How did the design and development of the OOCSI system start? How did we proceeed to build all these features? And how to keep on doing this for almost decade?
In 2013, we started with a test development of the core technology: a client-server implementation in Java. The communication was based on TCP sockets and followed the Sun reference implementation of Java-socket based bi-directional communication. We implemented a simple human-readable protocol (see Table 1) and channel multiplexing that would allow for bi-directional sending and receiving of messages of one or more named channels (or the individual client handle). Being human-readable, the protocol could be used even from a Telnet console and allowed some students to implement their own clients (see below). The protocol allowed for sending of messages, subscription handling to channels and simple handshakes for session start and end. All communication was textual with UTF-8 encoding and messages allowed for arbitrary number of components, as key-value pairs. We used Java serialization and deserialization mechanisms to send dynamically structured messages over the sockets.

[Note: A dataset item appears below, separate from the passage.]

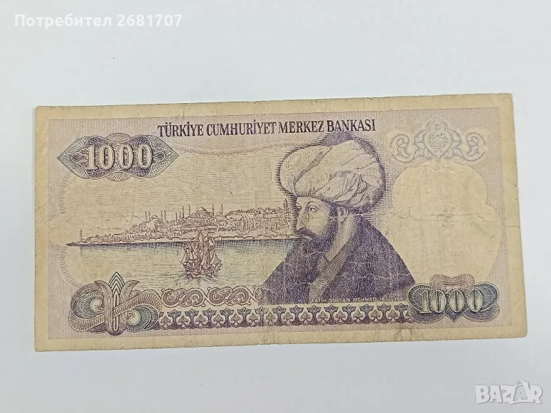 банкнота 1000 турски лири , снимка 1 - Нумизматика и бонистика - 48873566 банкнота 1000 турски лири , снимка 2 - Нумизматика и бонистика - 48873566 1/2

As a next step, we packaged the client library as a Processing library which allowed for easy deployment in students’ Processing installations. Together with the library code we packaged a collection of simple examples showing how to use the library in different communication scenarios. This library is to date the most comprehensive collection of examples that grew over time when we implemented more features in the middleware. When using the middleware in education, we still relied on (1) a locally started server for the entire class and (2) individually zip archives of the library to be unarchived and moved into the Processing library folder on student computers. Soon, we moved to a central in-house server that would host the server and a more extensive official Processing library that could be installed from the Processing library manager with a few clicks. From this stage, we observed a growing momentum in use of the middleware in our local community.
The first non-Java platform implementation was contributed by a student, who ported the protocol and data serialization mechanisms to C++, so the middleware could be used with Espressif ESP8266 and ESP32 boards. This library was adopted by the core team in development and we improved it over the next years in robustness, keep-alive mechanisms and serialization. In 2015, we had implemented different serialization protocols, which the server would automatically switch to depending on the client platform and initial handshake. This allowed fluent communication between clients on various platforms, whose messages would be deserialized on the server and then specifically serialized again for the recipients on potentially other platforms.
Due to growing needs to support WebSocket and HTML-based digital prototypes, we wrapped the original Java server in a web stack based on the Play Framework (in 2015) which allowed for WebSocket clients and showing server metrics, documentation and, later on, various small tools for bootstrapping middleware projects, automation and debugging (in 2019). Next to built-in bridges to OSC (already in 2013) and MQTT (in 2016), and a cross-compiled C# client in 2014, we developed a client implementation in Python in 2017 and then in Node.js in 2019.
In parallel to the client developments, the core platform evolved as well. Experiences from the community led to improved robustness, extensions of what data could be sent, new tools for prototyping (from 2018), presence detection and channel operations (from 2018), and further opening the system with a central logging channel that allowed for visualizing the graph of connected clients and their data flows (from 2015). This led to a series of visual data canvases which we were popular education tools as they visually explained connectivity and communication to students.
Documentation of the middleware was initially provided through examples, in lectures and tutorials. Once we moved to GitHub for version control, we started using the built-in pages and the wiki system to provide more information on how to start with the middleware. This is complemented by information from the landing page of the server component. To increase visibility within our own community, we used the wiki hosted by the university to further direct attention. Finally, we published the software bundle as a dataset publication. In 2022, all documentation was consolidated on this website.
The OOCSI story is not done, not at all. Just this year we built the heyOOCSI extension that allows to annotate clients with meta-data that can be used in a data canvas or even HomeAssistant. We are still working on this website to extend the documentation and provide more examples on how to work with OOCSI in design.